Dickstein also specializes in bringing her signature visual aesthetic to directing new plays, chamber opera and new music theatre including the upcoming Star Singer (LA Opera, BMP/Prototype). She is an associate professor, and Chair of Theatre and Performance at Purchase College, SUNY and is the author of Towards Embodied Performance: Directing and the Art of Composition (Routledge 2024). She holds a B.A. from Yale College.
At MacDowell, she will work on In[Finite] Time, an original music theatre work (with music by Grammy winning composer Rinde Eckert) loosely based on Virginia Woolf’s To The Lighthouse that follows a father and a daughter navigating illness and the power of poetry to heal. She held several video meetings with designer Anna Kiraly to develop the visual/architectural world in tandem with the writing process.

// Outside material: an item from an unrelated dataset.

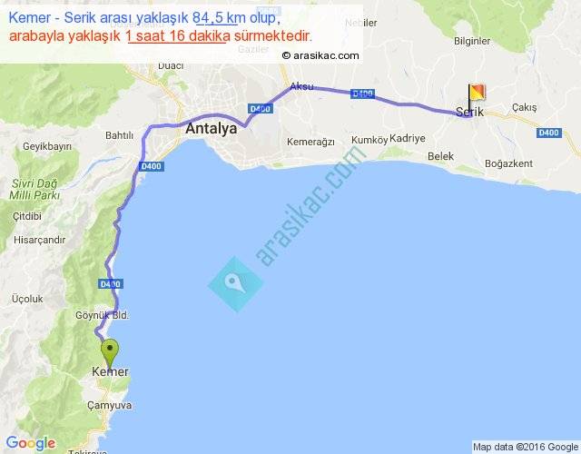 Kemer - Serik arası yaklaşık olarak 90 km/h ile yukarıda belirtilen sürede olup, iki yerin kuş uçuşu uzaklığı (mesafesi) 59'dir. Yolculuk otobüsle 1 saat 38 dakika sürmektedir.

Dickstein took several days mid residency to work on writing another new piece, WomenWaterRising, a new installation/dance/song cycle she is building with composer Jean Rohe and installation artist/projects designer Hana S. Kim. This piece is loosely based on Clarice Lispector's short story "Waters of the World" and draws parallels between rising sea levels and water related climate change to the oppression of female -identified bodies.